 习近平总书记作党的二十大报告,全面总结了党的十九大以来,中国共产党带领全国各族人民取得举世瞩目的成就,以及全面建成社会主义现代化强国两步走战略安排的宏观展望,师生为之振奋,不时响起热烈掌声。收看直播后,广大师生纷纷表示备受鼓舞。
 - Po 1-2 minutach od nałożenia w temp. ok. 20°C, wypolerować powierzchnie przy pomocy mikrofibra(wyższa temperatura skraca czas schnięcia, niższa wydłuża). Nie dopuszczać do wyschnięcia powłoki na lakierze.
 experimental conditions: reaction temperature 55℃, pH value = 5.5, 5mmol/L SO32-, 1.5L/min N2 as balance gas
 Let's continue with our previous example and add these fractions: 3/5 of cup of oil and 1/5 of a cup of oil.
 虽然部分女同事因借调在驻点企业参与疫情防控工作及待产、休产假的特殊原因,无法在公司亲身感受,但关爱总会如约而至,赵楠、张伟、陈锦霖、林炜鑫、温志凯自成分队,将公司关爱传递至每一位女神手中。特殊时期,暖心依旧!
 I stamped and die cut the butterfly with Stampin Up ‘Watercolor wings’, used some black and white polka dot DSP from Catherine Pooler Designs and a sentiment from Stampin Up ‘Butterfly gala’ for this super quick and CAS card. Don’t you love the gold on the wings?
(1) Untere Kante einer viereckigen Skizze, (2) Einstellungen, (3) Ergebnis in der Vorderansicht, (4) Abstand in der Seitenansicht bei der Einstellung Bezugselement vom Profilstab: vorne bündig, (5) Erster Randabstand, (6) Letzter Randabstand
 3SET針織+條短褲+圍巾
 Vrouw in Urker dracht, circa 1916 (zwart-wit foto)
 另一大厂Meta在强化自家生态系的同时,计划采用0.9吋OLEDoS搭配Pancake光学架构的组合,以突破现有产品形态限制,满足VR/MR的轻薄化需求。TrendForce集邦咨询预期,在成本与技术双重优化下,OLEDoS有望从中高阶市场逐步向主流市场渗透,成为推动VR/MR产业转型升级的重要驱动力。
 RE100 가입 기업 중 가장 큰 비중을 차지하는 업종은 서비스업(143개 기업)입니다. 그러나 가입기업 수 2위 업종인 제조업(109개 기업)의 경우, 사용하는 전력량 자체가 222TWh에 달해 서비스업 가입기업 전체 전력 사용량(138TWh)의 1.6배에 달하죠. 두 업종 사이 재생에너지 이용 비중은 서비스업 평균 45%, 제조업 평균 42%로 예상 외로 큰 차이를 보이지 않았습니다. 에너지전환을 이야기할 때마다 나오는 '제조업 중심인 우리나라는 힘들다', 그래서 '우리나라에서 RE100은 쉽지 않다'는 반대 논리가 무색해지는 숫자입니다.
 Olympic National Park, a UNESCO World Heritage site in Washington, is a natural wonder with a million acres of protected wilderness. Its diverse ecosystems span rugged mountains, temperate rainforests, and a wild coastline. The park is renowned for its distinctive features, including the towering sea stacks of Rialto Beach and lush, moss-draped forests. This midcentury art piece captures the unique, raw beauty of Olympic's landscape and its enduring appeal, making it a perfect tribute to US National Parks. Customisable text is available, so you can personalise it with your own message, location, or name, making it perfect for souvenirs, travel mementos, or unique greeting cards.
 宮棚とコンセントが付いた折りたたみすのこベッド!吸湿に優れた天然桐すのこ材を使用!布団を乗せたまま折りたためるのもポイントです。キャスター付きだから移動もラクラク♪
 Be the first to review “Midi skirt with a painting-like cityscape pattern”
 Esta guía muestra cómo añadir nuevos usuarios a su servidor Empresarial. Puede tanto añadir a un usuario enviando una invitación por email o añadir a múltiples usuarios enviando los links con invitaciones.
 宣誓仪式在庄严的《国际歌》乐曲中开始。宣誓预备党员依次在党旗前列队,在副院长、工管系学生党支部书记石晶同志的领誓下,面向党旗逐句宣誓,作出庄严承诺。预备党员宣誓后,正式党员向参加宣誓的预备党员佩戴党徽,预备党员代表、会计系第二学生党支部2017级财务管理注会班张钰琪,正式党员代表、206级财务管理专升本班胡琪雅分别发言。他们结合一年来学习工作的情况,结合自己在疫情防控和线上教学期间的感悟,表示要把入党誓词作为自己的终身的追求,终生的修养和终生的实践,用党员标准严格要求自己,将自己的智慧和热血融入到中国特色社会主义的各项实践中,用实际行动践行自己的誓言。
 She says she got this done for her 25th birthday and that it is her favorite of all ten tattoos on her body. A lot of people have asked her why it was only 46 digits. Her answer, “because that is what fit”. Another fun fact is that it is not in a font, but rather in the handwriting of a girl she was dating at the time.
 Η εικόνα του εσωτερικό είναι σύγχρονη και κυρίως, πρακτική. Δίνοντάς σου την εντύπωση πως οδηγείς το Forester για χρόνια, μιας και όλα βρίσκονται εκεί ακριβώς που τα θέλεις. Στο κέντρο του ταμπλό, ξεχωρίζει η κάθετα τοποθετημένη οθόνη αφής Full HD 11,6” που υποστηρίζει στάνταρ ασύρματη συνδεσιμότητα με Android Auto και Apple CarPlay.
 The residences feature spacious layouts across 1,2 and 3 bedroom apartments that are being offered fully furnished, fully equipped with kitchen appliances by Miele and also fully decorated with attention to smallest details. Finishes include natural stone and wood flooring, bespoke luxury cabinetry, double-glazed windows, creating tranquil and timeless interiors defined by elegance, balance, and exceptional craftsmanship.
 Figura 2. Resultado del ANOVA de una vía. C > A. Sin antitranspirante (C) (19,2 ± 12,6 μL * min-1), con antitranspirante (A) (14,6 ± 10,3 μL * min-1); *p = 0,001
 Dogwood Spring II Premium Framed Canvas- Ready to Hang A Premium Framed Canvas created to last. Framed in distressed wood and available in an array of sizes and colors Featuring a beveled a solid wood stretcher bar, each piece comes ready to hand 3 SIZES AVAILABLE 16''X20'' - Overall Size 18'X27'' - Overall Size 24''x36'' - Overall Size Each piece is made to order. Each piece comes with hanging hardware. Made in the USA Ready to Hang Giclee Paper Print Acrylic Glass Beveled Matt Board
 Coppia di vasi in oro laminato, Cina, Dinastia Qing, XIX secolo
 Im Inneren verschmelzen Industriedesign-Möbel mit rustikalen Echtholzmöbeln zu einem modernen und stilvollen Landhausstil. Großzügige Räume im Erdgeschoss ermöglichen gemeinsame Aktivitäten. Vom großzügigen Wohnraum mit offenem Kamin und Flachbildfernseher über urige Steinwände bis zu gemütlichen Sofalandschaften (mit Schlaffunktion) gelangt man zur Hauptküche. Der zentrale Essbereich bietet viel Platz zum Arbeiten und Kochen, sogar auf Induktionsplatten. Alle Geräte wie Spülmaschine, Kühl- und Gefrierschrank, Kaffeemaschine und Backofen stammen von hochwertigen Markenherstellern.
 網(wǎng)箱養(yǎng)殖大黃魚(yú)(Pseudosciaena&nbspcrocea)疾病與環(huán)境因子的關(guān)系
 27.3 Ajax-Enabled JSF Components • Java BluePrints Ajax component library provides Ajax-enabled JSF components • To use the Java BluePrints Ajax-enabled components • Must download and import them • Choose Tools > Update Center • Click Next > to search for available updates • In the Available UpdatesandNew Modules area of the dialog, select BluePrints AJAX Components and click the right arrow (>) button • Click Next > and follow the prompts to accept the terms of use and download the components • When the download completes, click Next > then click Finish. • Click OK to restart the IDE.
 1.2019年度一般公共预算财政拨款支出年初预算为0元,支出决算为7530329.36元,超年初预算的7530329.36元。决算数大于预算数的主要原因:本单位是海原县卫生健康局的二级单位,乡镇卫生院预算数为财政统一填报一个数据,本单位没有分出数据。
──────────────────────────────
### Work task
State how many lines in the listing contain the word "balance", and write nothing besides that number.

### Expected output
2